A third community group constructed through the policy discourse is a group we term ‘Vulnerable People’. This group consists predominantly of victims of DV and mothers with children. While the policy discourse positions this group as sharing the desired cultural values of non-violence and respect, like members of the ‘Potentially Us’ group, ‘Vulnerable People’ are not seen behaving in ways that challenge others’ use of violence. However, unlike the ‘Potentially Us’ group, ‘Vulnerable people’ are not given the responsibility of changing their behaviour in a way that allows them to move into the ‘Us’ group and participate in community self-governance. Indeed, our interviews with members of the policy community suggest that ‘Vulnerable People’ group members are viewed as having a legitimate reason for not actively upholding desired bystander behaviour. For example, one service employee said:

In terms of standing up and doing something about that, it could be very different scenarios for different people in the community. You know I might be a single mum pushing my pram down the street and see a woman being abused and attacked and I may not physically intervene because I need to be safe for me and my children. (Participant 10, Service Employee)

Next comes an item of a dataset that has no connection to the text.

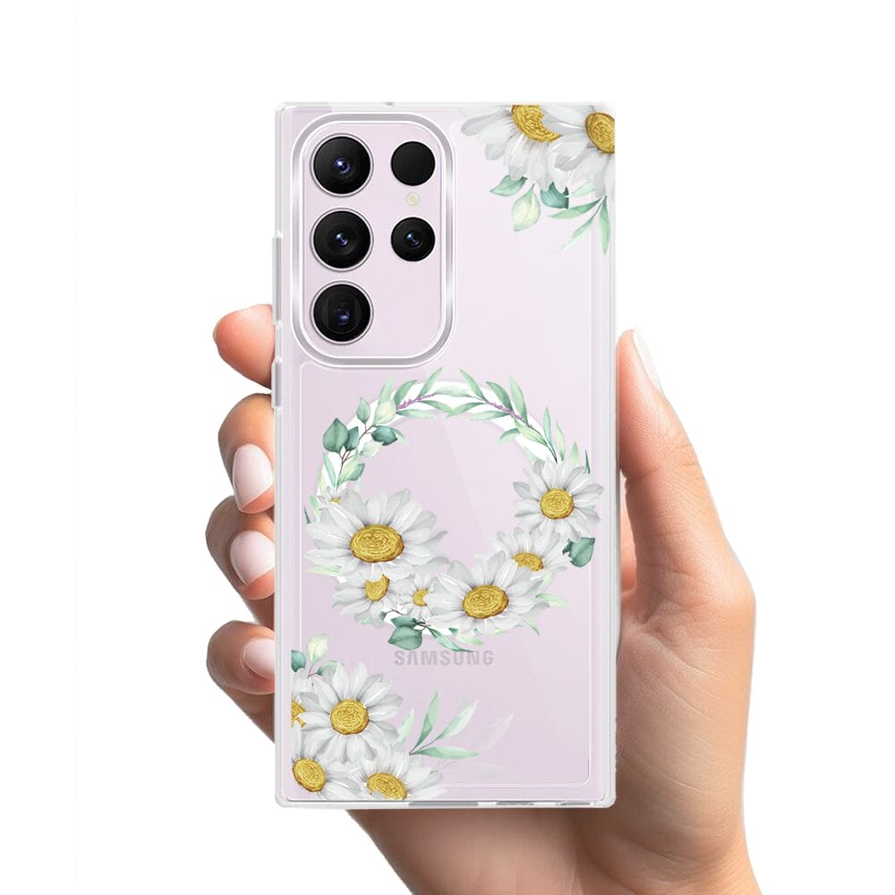 Etui do Samsung Galaxy S23 Ultra z MagSafe przeźroczyste, silikonowe Flexi, wianek stokrotek

A woman who’s been abused isn’t necessarily, I mean one woman may be there to help another woman and another woman may find that too confronting for her. (Participant 10, Service Employee)

Members of the ‘Vulnerable People’ group are therefore absolved of their responsibility to act in the way the policies expect the ‘Us’ group community members to act. Instead, they are encouraged to recognise DV if and when it is perpetrated against them, and to seek help for themselves.

‘Children’ group

The fourth community group constructed through the policy discourse is the group we term ‘Children’. ‘Children’ are positioned as either not yet having fully formed their cultural values and behaviours, or as developing problematic values and behaviours that can and should be changed. The policy thus foregrounds the importance of education and positive role models to help children develop desired values and behaviours. Members of the ‘Us’ group are given the responsibility of providing appropriate guidance and leading by example so children are able to grow up to be members of this group.

We all know that the true early intervention … really happens at that kind of forming ages of 3, 4, 5, 6, 7, 8 year-olds, young people, children. (Participant 11, Government Employee)

Education of children and young people is key to achieving generational change in behaviour. (Queensland Government, 2016: 19)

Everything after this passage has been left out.